* [Source data]
◆ ◆ ◆ ◆ ◆
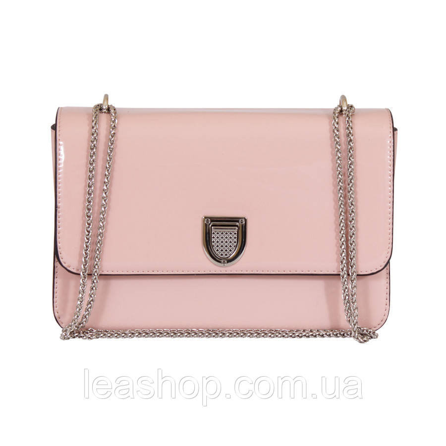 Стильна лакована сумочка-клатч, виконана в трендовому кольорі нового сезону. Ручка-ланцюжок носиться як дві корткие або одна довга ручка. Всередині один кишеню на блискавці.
◆ ◆ ◆ ◆ ◆
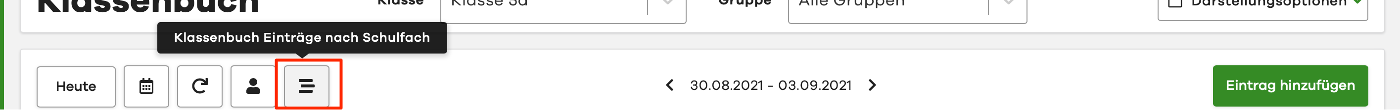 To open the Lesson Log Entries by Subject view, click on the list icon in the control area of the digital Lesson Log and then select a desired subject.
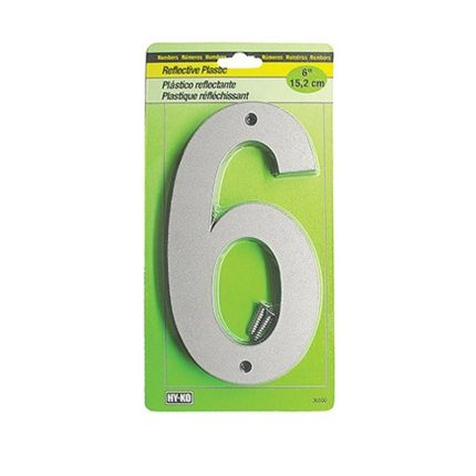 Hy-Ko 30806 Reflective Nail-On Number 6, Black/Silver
◆ ◆ ◆ ◆ ◆
* [What you will do]
What is needed is an exact copy of the lines above from the one with "To open the" to the one with "Hy-Ko 30806 Reflective", both ends kept, and nothing more; please leave the pictures out.

* [Output below]
 To open the Lesson Log Entries by Subject view, click on the list icon in the control area of the digital Lesson Log and then select a desired subject.
 Hy-Ko 30806 Reflective Nail-On Number 6, Black/Silver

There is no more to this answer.